Evaluation of Georgia II Improving General Education Quality Project
Georgia: Impact Evaluation of the General Education Project
Prepared for:
Millennium Challenge Corporation
- Rehabilitation of 91 schools delivered large improvements in classroom walls, ceilings, and floors; installed electrical lighting and central heating; improved classroom temperatures and air quality; upgraded sanitary facilities; and provided new science labs.
- Teachers and students reported that these upgrades substantially improved comfort and safety at school and addressed multiple barriers to classroom learning.
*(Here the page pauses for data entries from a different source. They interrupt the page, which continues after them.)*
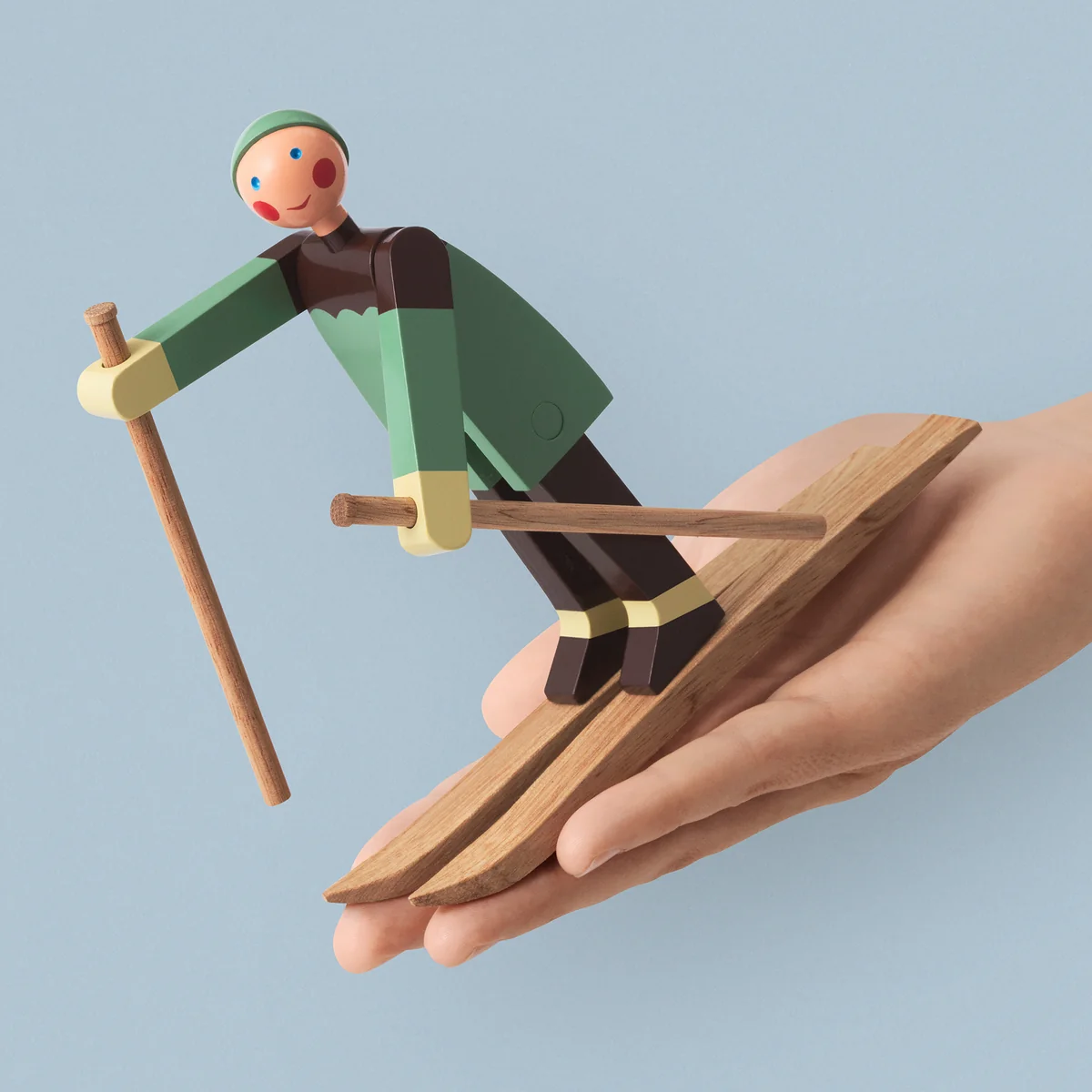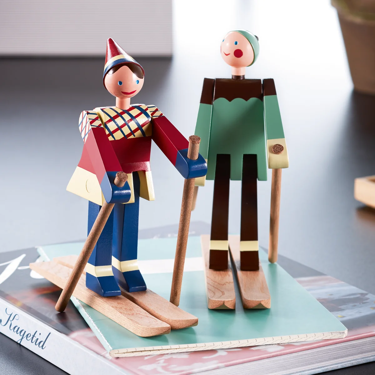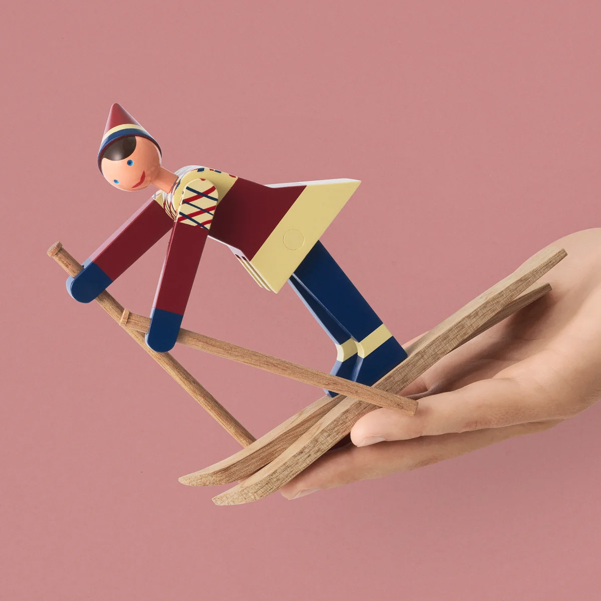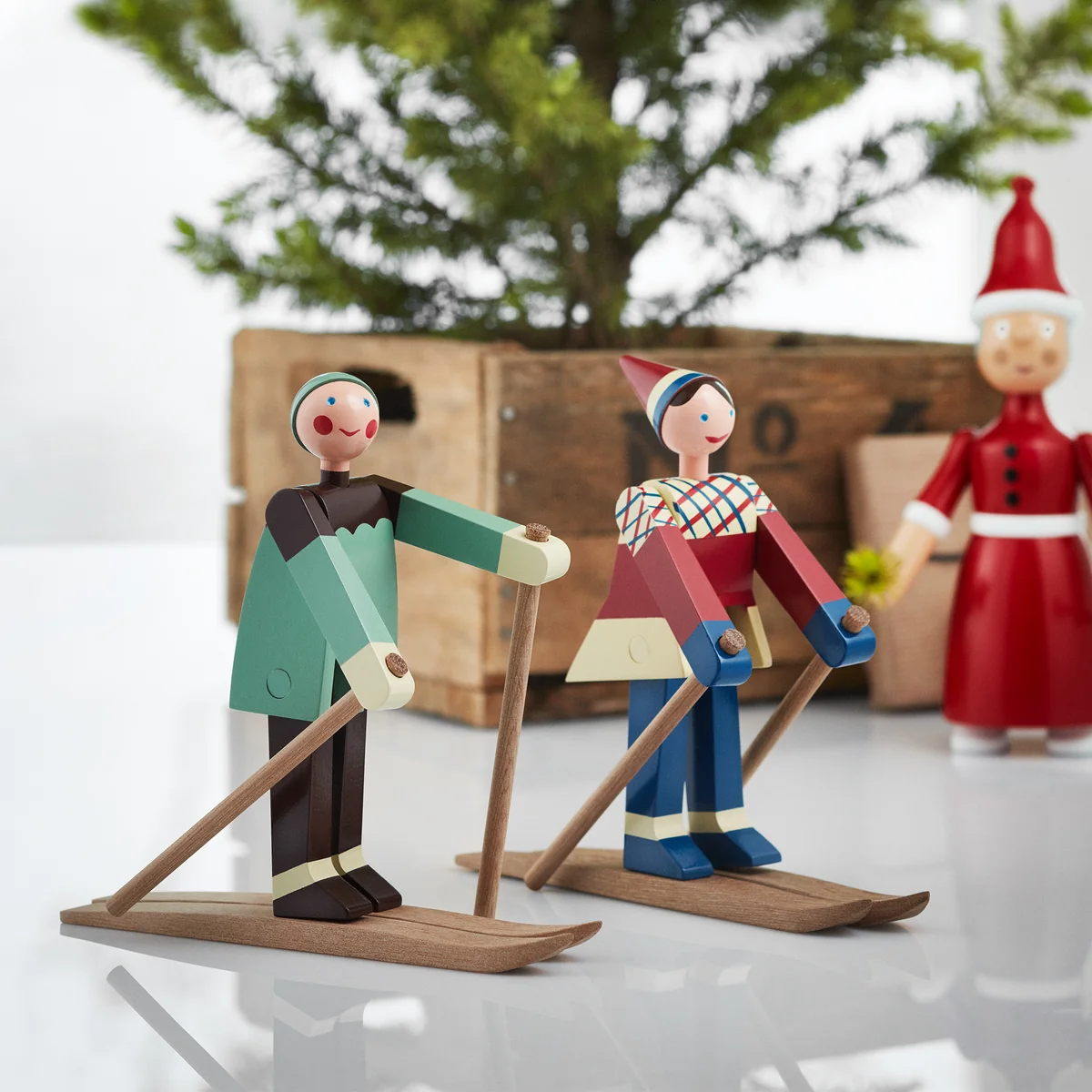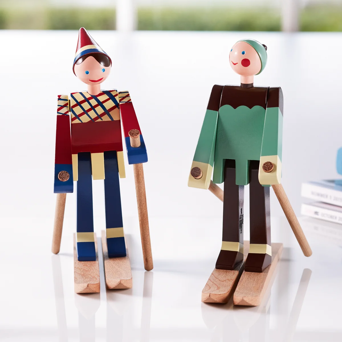 The skiers of Kay Bojesen are a new edition of the cute design by the Danish designer from the 1940s and will soon be whizzing into your living room! The one with the red cap and checkered jacket is called Boje, named after Kay Bojesen s son Otto, who is nicknamed after him. His colleague bears the nickname of Otto's wife Ruth - Datti. The two cheeky skiers were originally only produced in small series, which is why the original wooden figures are now real rarities. The new edition of the skier is made of painted beech.
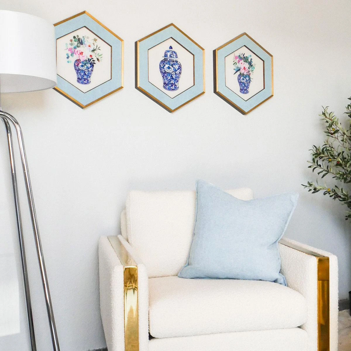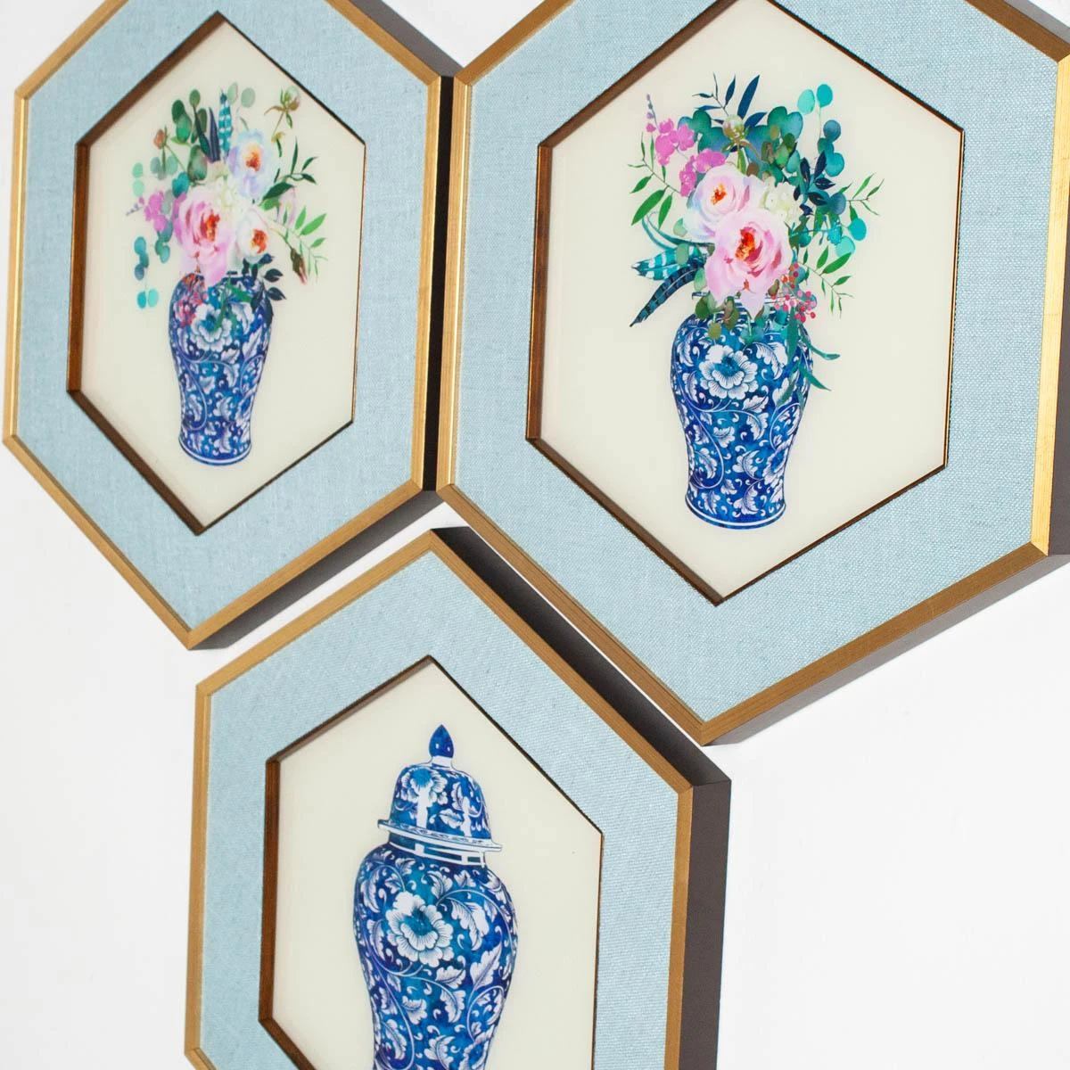 Combine it however you please. Our ginger vase set of Hexagon art comes with three pieces to arrange.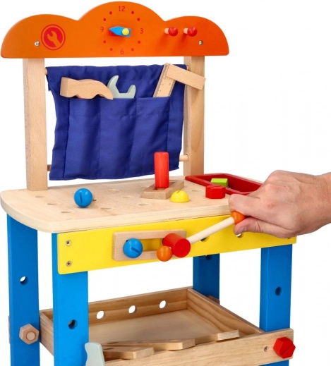 Ova kvalitetna drvena radionica dizajnirana je da djecu sigurno upozna sa svijetom alata. Šareni detalji, funkcionalni elementi poput vijaka, matica i zupčanika te praktična ladica za alate potiču prirodnu znatiželju i razvoj vještina.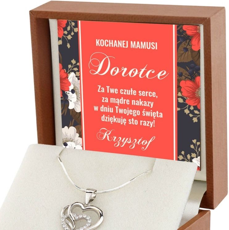 Parametry wisiorka srebro próba 925 (wybita próba) srebrny wisiorek z kryształkami: wymiary 15 mm x 15 mm waga wisiorka ok. 1,33 g Parametry łańcuszka srebro próby 925 długość: 50 cm grubość łańcuszka: 0,8 mm waga: ok. 1,97 g standardowy naszyjnik typu "żmijka" Naszyjnik zapakowany jest w brązowe pudełeczko. Całość odznacza się wysoką jakością. Personalizacji dokonamy przy pomocy metody druku UV. Personalizacja Aby w pełni spersonalizować produkt, prosimy o przesłanie potrzebnych danych na adres email, a nasi graficy zajmą się resztą :)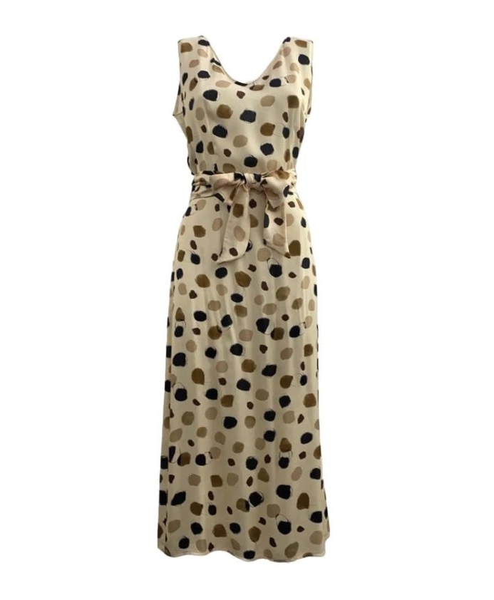 Обновите свой гардероб этим бежевым платьем с короткими рукавами от Manila Grace. Идеальное для любого случая, это платье миди - обязательный элемент гардероба современной женщины.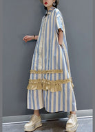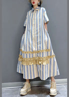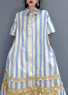 Questo abito chemisier a righe è una scelta fresca e audace, perfetta per chi ama distinguersi con un tocco giocoso.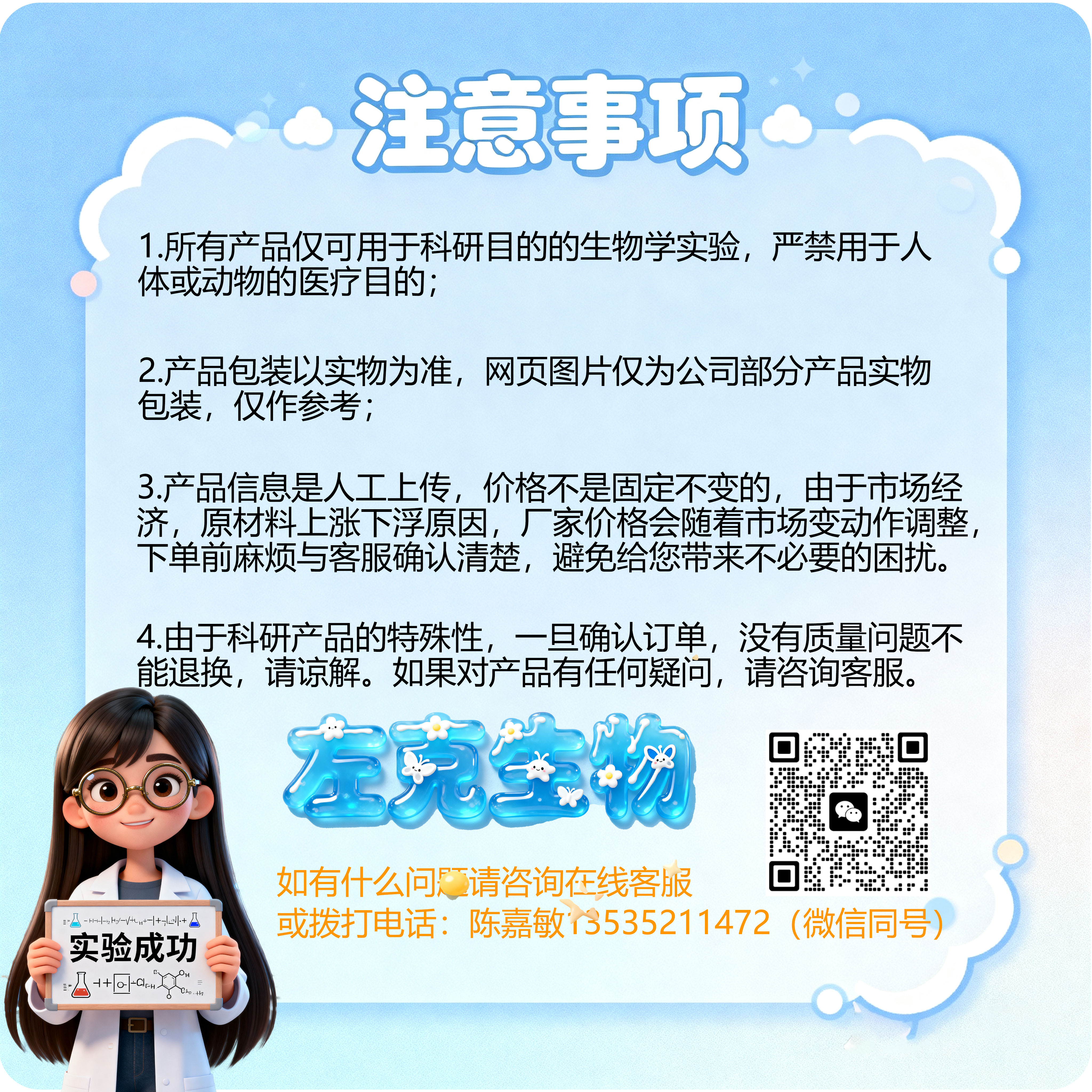 4)由于科研产品的特殊性,一旦确认订单,没有质量问题不能退换,请谅解。如果对产品有任何疑问,请咨询客服,谢谢。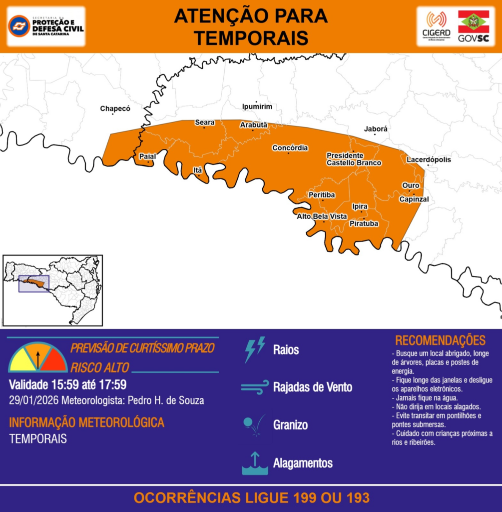 ATENÇÃO – 29/01 15:59 – TEMPORAIS com RAIOS, RAJADAS DE VENTO, GRANIZO e ALAGAMENTOS para áreas das regiões do Oeste e Meio-Oeste nas próximas 2 horas. Ocorrências ligue 199 ou 193.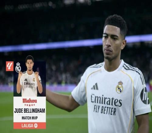 西甲第17轮,皇家马德里主场2-0击败塞维利亚,此役打入一球的贝林厄姆当选西甲官方全场最佳球员。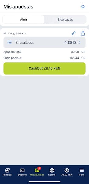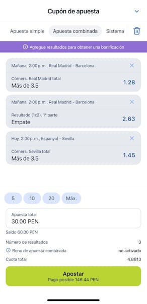 Una vez con el bono en mi saldo y conociendo las condiciones del bono, realicé una apuesta combinada de S/30 a tres eventos de fútbol.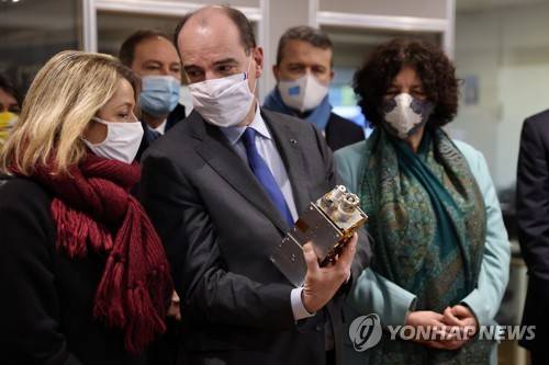epa08925812 (L-R) French Ecological Transition Minister Barbara Pompili, French Prime Minister Jean Castex, French Higher Education, Research and Innovation Minister Frederique Vidal, visit the offices of France-based space company Exotrail, in the South of Paris suburban city of Massy, France, 08 January 2021. The company designs, develops, and operate mobility solutions allowing small satellite to move in space. Exotrail announced on December 16, 2020 the support of French Armament General Directorate, through the Defence Innovation Agency, to develop technologies allowing small satellites to operate in geostationary orbit. EPA/THOMAS COEX / POOL MAXPPP OUT

Impacts on learning outcomes were negative or close to zero for schools in their second follow-up year (in part due to school closures in response to COVID-19), but impacts became positive in schools that were in their third, fourth, or fifth follow-up year.
- Two years after an intensive teacher training sequence for STEM educators, nearly all teachers continued to report that they are confident or very confident in having enough knowledge to apply the student-centered instruction practices that were part of the project.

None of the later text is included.